Friday lay day – more snake oil from Brussels

Its my Friday lay day blog. I am in Sri Lanka at present and will have some reports about that over the next 14 odd days. I was amazed overnight by the comments from IMF boss Lagarde who made overt political statements in an upcoming election year by claiming that David Cameron had shown “eloquent and convincing” leadership in the global recovery. She said they were a model for the European Union. When asked why the IMF had criticised Britain in 2012 for “playing with fire” by invoking fiscal austerity, she said the IMF had “got it wrong” (Source). Hmm. No recognition that Britain cannot be a model for most of the EU nations, given the latter surrendered their currency sovereignty, imposed fiscal rules that prevent growth, and have a central bank that will not act as a responsible currency issuer. Further, it was a false admission of failure. In fact, the IMF got it right and Britain didn’t implement the austerity that it had initially planned and has kept a relative large fiscal deficit that has helped support growth.

But I wanted to comment today on a throwaway line on Page 32 of the recently released – EU Employment and Social Situation, December 2014 – (5.9 mb), which said the following:

The upward shift in the EU Beveridge curve, which has occurred in the EU since 2008 (with a higher indicator for labour shortage for a given unemployment rate) suggests increasing mismatches in the EU labour markets. Recent data suggest both positive and negative developments in relation to the labour market matching process in the EU. The recent developments of lower unemployment and higher labour shortage are equivalent to the usual move along the Beveridge curve and confirm the recent improvements in the job vacancy rate. At the same time and up to the start of 2010, the Beveridge curve has shifted upwards relative to its general position, suggesting a structurally worse matching process in the EU (Chart 39).

The Chart 39 in question is reproduced here, although I use the data available in the special Eurostat page – Job vacancy and unemployment rates – Beveridge curve.

The EU’s explanation of the recent data observations as shifts in the curve run along the conventional lines, which lead to the claims that the mass unemployment is structural in cause and therefore needs a different policy solution – not an increase in aggregate demand but more training, income support cuts etc.

EU_UV_2014q2

Economists have long used the unemployment-vacancy (UV) relationship, the so-called Beveridge curve, which plots the unemployment rate on the horizontal axis and the vacancy rate on the vertical axis to investigate these sorts of questions.

The Beveridge curve is named after the British economist William Beveridge who was influential in defining the full employment agenda in the Post World War 2 period in the UK (and, arguably in most advanced nations).

The following diagram is the usual depiction of the UV relationship with vacancies on the vertical axis and unemployment on the horizontal axis. The red line is a UV curve at some point in time.

The logic is that movements along the curve are cyclical events and shifts in the curve are alleged to be structural events.
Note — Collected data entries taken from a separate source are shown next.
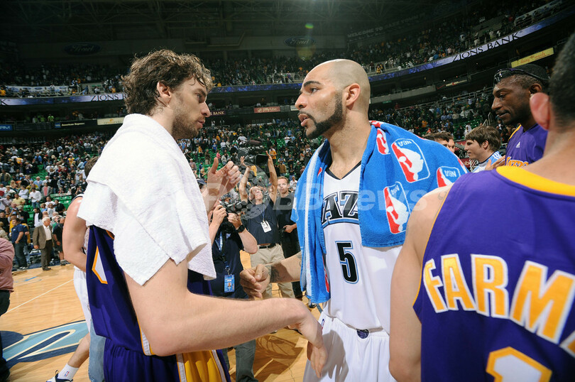 【5月12日 AFP】09-10NBA西カンファレンスプレーオフ準決勝、ユタ・ジャズ(Utah Jazz)対ロサンゼルス・レイカーズ(Los Angeles Lakers)第4戦。レイカーズは111-96で勝利し、4連勝でカンファレンス決勝に進んだ。レイカーズの決勝進出は3年連続。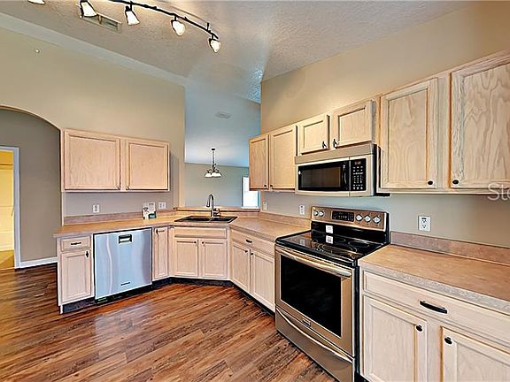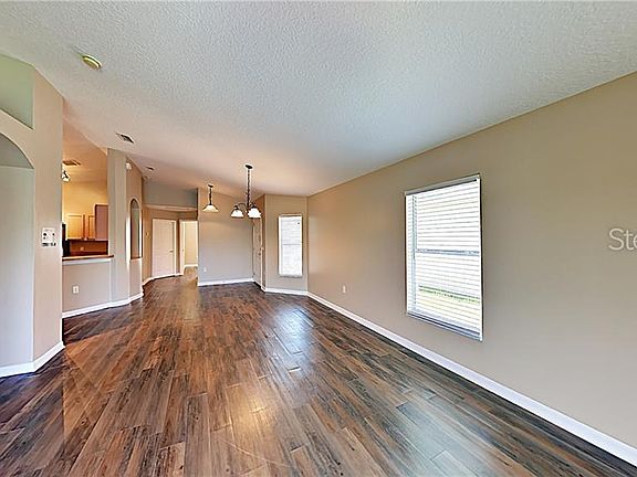 Charming one story home with 2 BR 2 BA located in 55+ community in Kissimmee! Fresh interior paint. Formal dining and living room upon entry. Spacious kitchen accents breakfast bar and stainless steel appliances. Master bedroom offers large walk in closet and private bath. Backyard with open patio perfect for entertaining guests. Restaurants, pools, fitness center and more amenities included! Close to local parks and schools. Minutes from shopping and dining. Come view this home today!
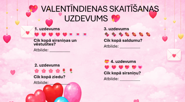 Valentīndiena – matemātikas uzdevumi. Saskaitīšana.
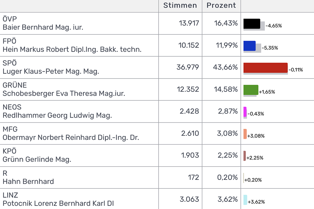 Bei der Direktwahl zum Linzer Bürgermeister ergab sich ebenfalls ein eindeutiges Bild: Auch hier hat Klaus Luger klar die Nase vorne, fast 44 Prozent wählten ihn im ersten Wahlgang. Da er jedoch nicht die 50-Prozent-Hürde nicht übersprang, wird in zwei Wochen eine Stichwahl gegen Bernhard Baier nötig, der mit mageren 16,43 Prozent auf Rang 2 kam.

So a movement “down along the red curve” to the south-east suggests a decline in the number of jobs available due to an aggregate demand failure, while a movement “up along the red curve” indicates improved aggregate demand and lower unemployment.

If unemployment rises in an economy where there are movements along the UV curve it is referred to as “Keynesian” or “cyclical” unemployment – that is, arising from a deficiency in aggregate demand.

However, the notion that there is a neat decomposition between shifts in and movements along the curve is highly contested and has not been reliably established in the empirical or theoretical literature.

One of my earliest papers, which came from my PhD work was published in 1987 – ‘The NAIRU, Structural Imbalance and the Macroequilibrium Unemployment Rate’, Australian Economic Papers, 26(48), pages 101-118 – showed that structural imbalances (supply constraints) can be the result of cyclical variations and can be resolved, in part, by attenuating the amplitude of the downturns using fiscal policy.

In other words, there is no decomposition as the mainstream would like us believe.

This is reinforced by work I did a decade ago where it is clearly shown that where the UV curve shifts, almost always the shifts were associated with major recessions which generated structural-like changes in the labour market. In other words, the shifts are driven by cyclical downturns (aggregate demand failures) rather than any changes in autonomous supply side behaviour (like worker attitudes changing, or welfare policy introducing distortions to incentives, etc). More about which later.

The mainstream search literature (for which Nobel Prizes have been awarded) claims that ‘shifts in the curve’ (out or in) indicated non-cyclical (structural) factors were causing the rising falling unemployment. The prize winners claimed this meant that if the UV curve was shifting out then the labour market was becoming less efficient in matching labour supply and labour demand and vice versa for shifts inwards.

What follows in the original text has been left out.